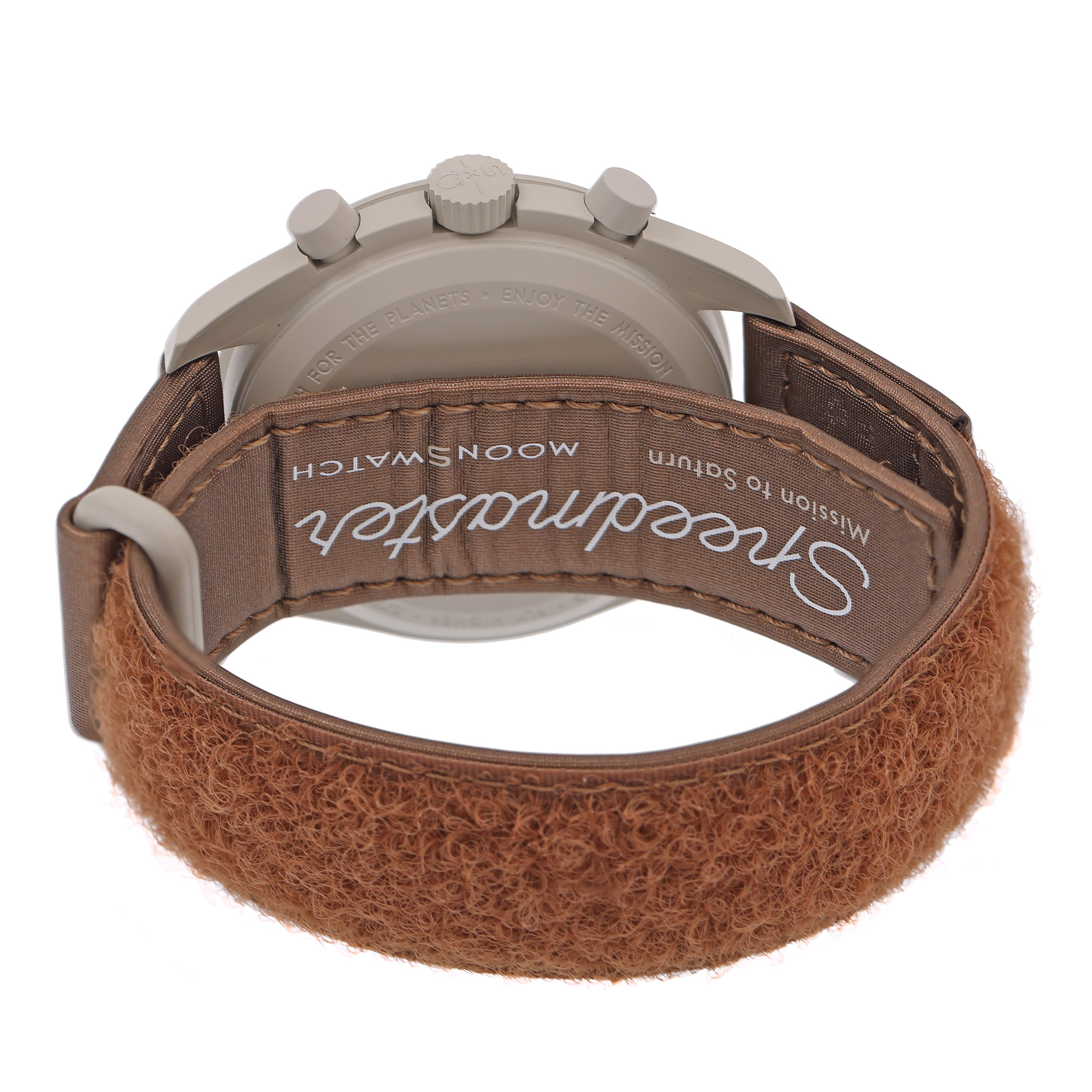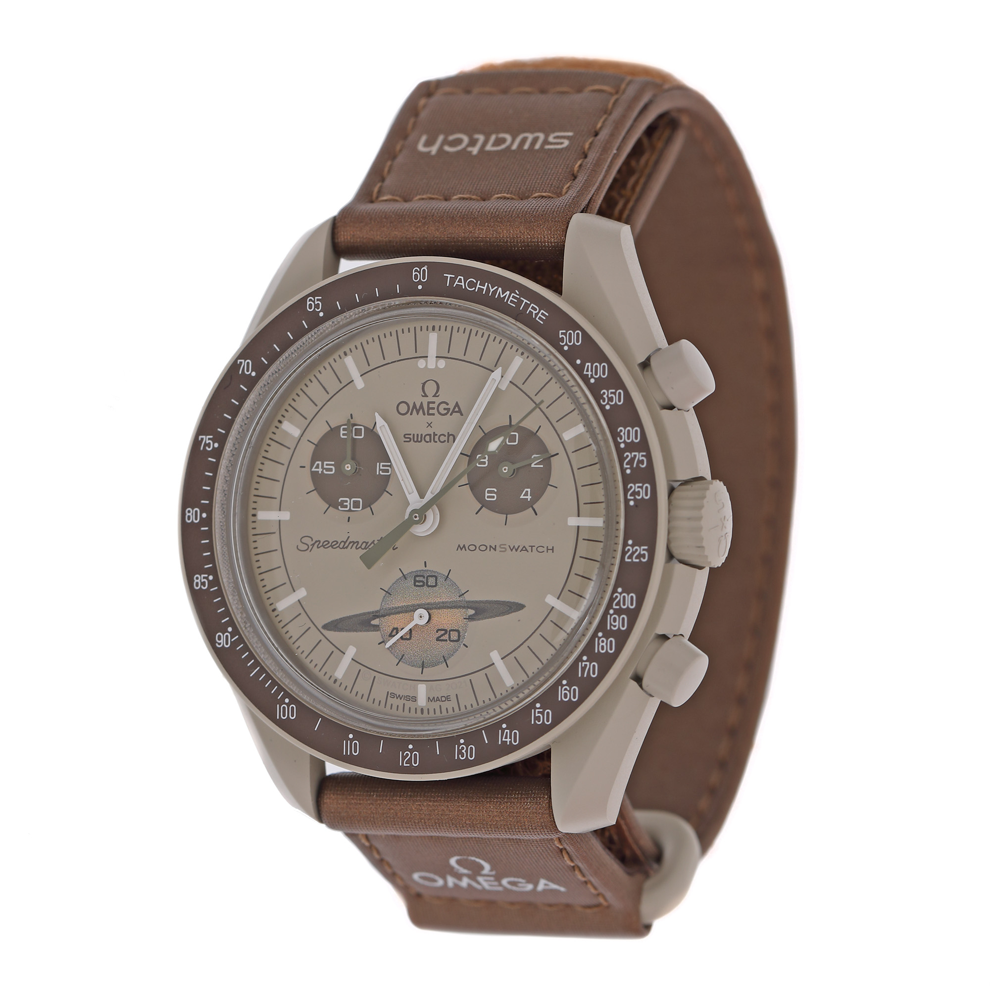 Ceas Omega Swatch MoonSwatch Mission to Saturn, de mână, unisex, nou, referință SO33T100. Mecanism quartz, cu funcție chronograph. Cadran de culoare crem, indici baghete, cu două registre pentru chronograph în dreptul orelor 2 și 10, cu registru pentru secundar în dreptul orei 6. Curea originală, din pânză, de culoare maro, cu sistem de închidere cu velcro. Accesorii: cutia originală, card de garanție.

- - - - -

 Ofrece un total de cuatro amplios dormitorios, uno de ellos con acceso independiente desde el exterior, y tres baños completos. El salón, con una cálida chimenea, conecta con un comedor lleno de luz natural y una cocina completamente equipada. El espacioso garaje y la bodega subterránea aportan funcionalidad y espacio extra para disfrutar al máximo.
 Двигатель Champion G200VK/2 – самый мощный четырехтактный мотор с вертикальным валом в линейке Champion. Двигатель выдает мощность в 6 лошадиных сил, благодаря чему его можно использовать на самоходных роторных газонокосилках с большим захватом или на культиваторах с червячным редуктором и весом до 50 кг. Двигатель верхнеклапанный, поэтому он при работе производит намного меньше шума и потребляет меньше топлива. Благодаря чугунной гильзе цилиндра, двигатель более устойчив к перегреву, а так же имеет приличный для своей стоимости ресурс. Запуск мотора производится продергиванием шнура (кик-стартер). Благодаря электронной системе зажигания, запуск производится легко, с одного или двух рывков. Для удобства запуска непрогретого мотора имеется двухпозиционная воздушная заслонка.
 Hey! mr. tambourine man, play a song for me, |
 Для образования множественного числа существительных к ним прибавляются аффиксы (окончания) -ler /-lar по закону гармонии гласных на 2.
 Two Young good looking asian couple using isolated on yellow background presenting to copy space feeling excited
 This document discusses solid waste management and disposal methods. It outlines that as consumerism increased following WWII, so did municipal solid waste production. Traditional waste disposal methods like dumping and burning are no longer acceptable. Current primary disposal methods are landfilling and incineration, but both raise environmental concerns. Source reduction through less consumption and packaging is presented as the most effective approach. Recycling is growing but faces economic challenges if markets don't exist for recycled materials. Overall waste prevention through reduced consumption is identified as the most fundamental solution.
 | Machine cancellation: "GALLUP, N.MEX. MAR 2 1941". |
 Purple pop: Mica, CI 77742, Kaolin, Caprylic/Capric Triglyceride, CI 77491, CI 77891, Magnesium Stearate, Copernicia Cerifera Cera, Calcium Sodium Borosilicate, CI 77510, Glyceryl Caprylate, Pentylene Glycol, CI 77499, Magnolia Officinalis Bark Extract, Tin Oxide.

- - - - -

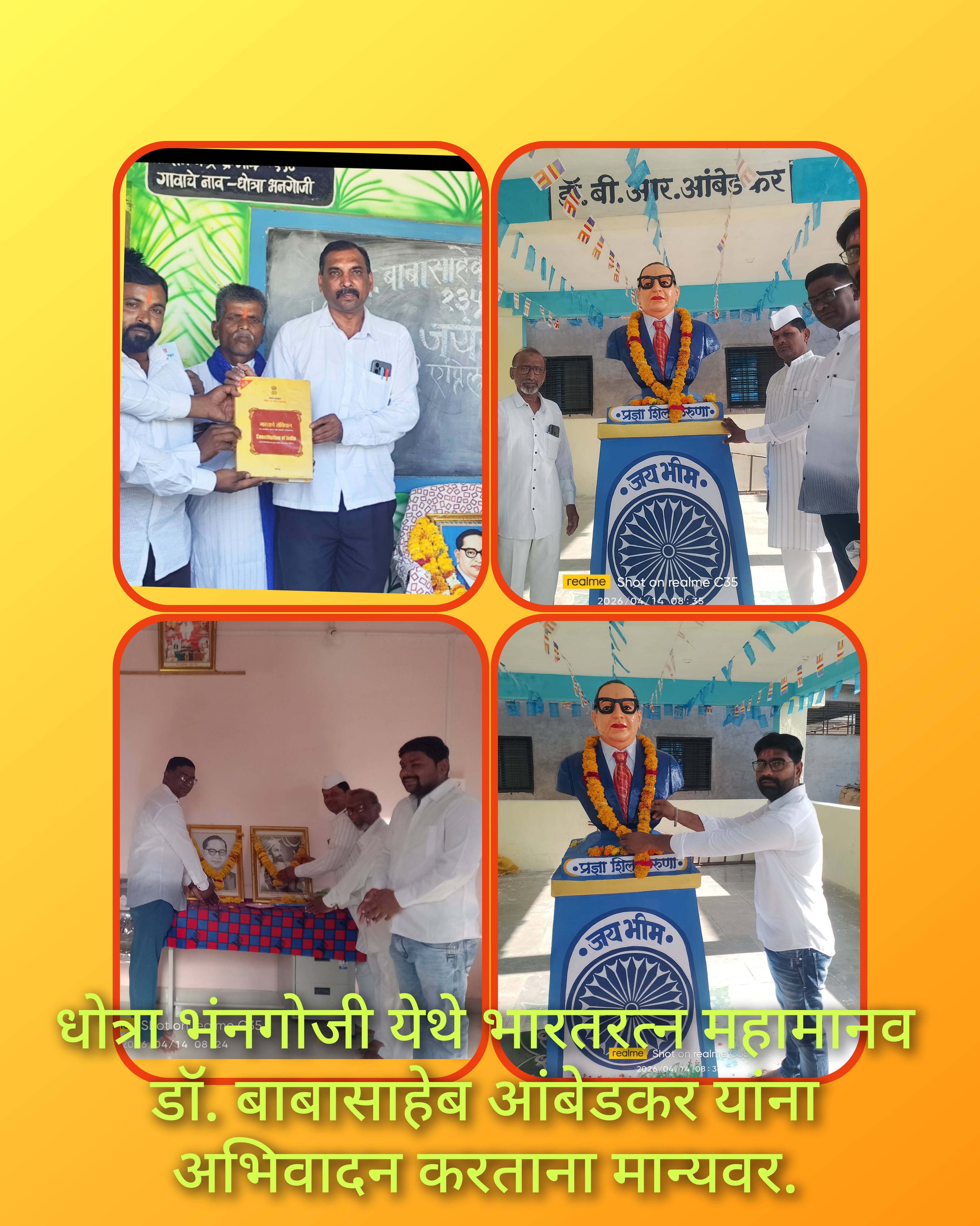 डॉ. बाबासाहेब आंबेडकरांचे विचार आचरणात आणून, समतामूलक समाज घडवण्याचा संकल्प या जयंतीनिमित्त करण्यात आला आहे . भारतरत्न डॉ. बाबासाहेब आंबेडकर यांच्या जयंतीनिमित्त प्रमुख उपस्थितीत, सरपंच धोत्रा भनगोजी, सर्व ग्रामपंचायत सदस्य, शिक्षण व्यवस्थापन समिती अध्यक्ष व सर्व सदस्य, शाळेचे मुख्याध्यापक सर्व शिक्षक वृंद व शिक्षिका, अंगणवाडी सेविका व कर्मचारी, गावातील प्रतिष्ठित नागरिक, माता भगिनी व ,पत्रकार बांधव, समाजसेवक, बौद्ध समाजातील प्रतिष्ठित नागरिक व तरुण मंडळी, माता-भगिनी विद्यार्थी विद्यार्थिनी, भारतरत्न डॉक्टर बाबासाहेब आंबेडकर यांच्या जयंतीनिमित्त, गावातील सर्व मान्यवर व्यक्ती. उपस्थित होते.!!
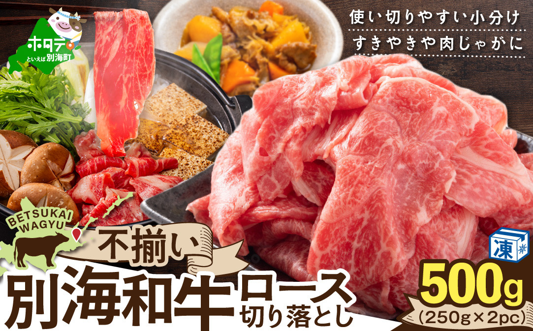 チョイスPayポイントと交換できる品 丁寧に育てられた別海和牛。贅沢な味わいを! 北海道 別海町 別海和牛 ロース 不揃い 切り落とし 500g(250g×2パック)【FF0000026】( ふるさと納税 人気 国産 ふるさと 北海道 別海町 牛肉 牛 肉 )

- - - - -

**Problem details**. Would you quote everything above from the line containing "Для образования множественного" down to the line containing "Two Young good"? Include both of those lines and nothing else.

**Task answer**.
 Для образования множественного числа существительных к ним прибавляются аффиксы (окончания) -ler /-lar по закону гармонии гласных на 2.
 Two Young good looking asian couple using isolated on yellow background presenting to copy space feeling excited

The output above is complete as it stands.